I mean seriously, WTF is that all about?

Sure, you can't accommodate 24/7/365, but there are friends / relatives / babysitters / sleepover etc.

Bottom line is the single guy is more or less expected to provide a place for the "couple" to fuck, and the perception is because he is a single guy, he CAN accommodate 24/7/365.

"Cannot travel" I get, some people can't afford to burn the extra diesel, some people don't drive, some people just don't have the time slots available to travel any distance and have time left to play, have a curfew tag (yes, it did happen to me..lol) etc.

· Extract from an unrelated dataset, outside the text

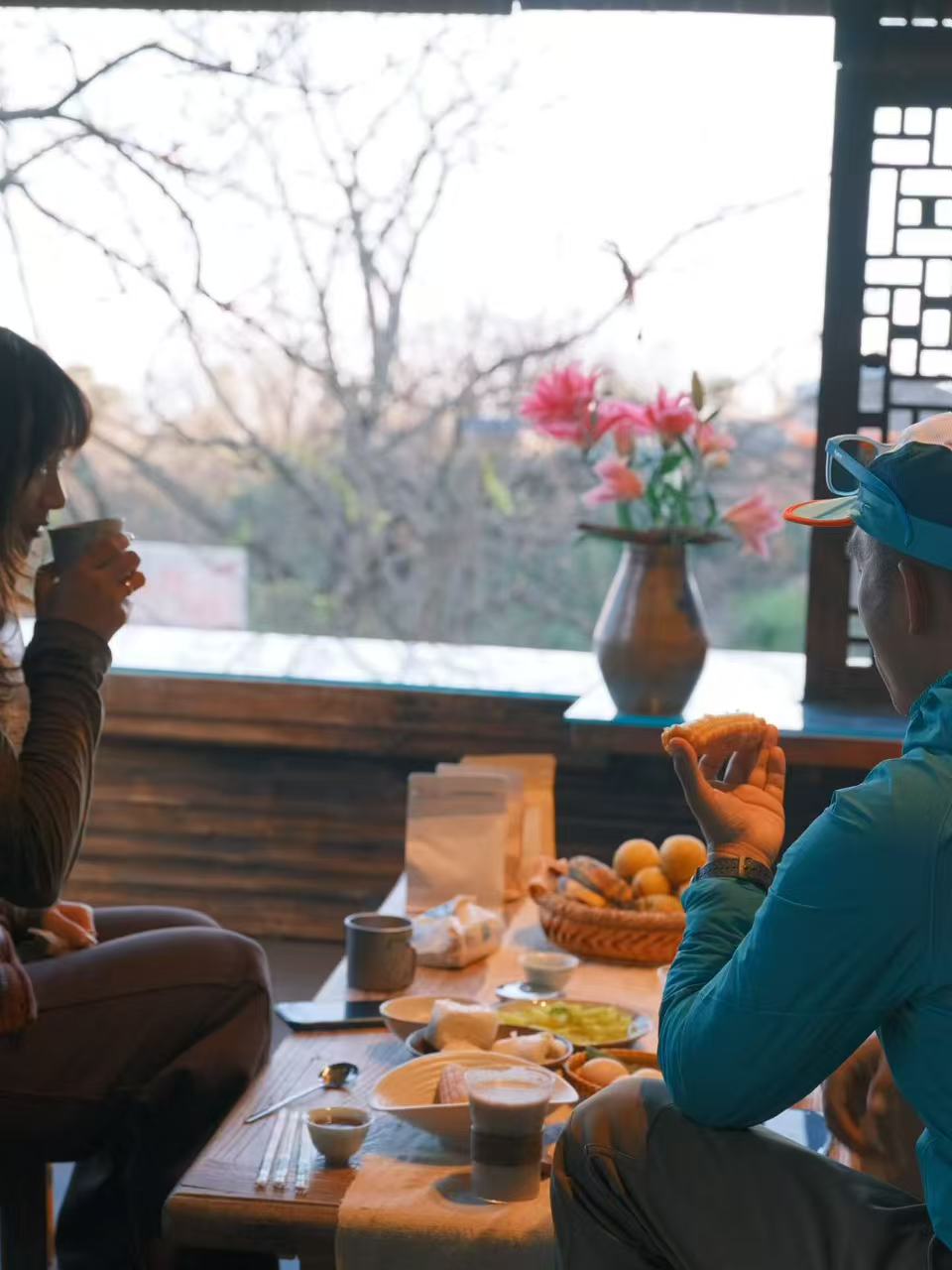 他们入住了朋友的民宿,享受了老板豆豆精心准备的美味早餐,并与热情的村民互动。
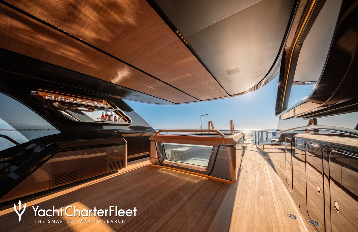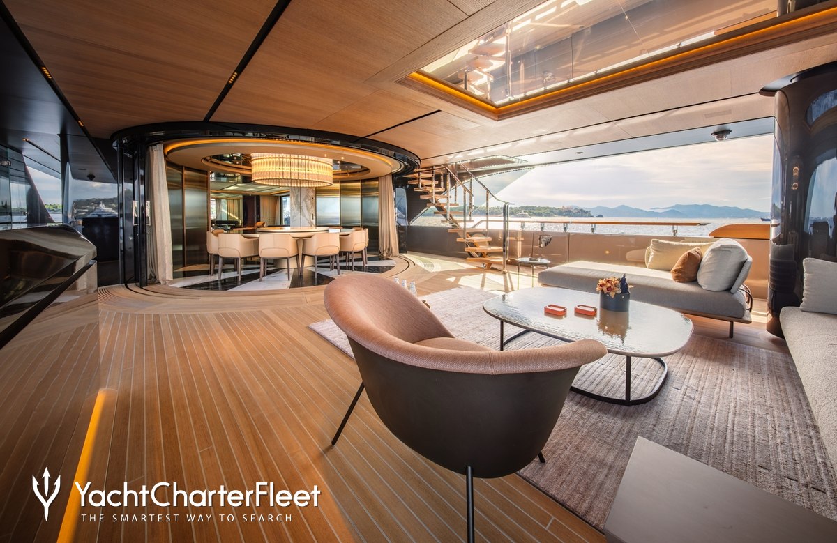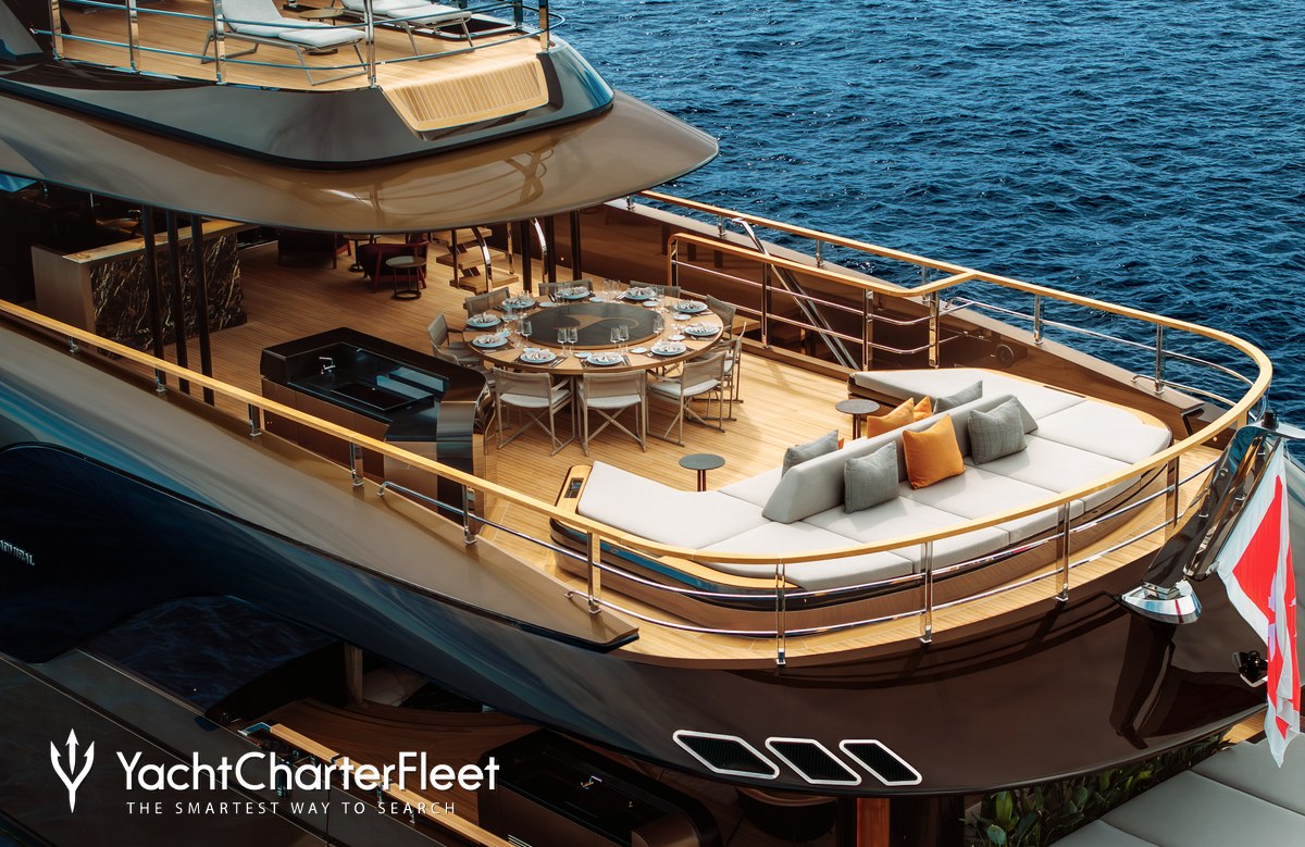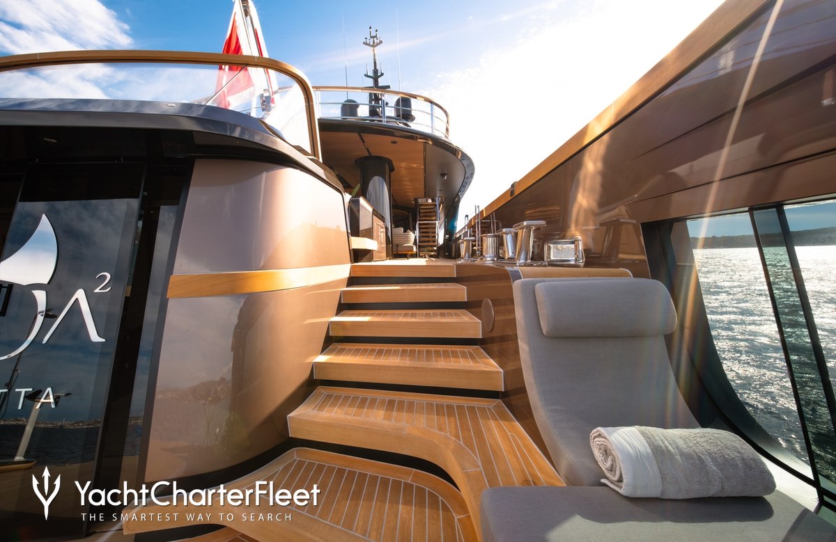 Offering an abundance of social and dining options, as well as a highly attentive crew, luxury charters aboard motor yacht RAJA² are set to be truly magical whatever the destination. She is equipped with beach club and gym.

"Cannot accommodate" no, that applies equally to all, unless you are in the services in bachelor quarters, in the YMCA, or living with your parents, or are couch surfing homeless.

*sure* having kids and other commitments makes things difficult and awkward, been there, got the tee shirt, but that is YOUR problem, not anyone else's.

as for cannot accommodate AND cannot travel, WTF is that all about, this is a swinging site for people to meet and hang out and fuck, not pen pals anonymous."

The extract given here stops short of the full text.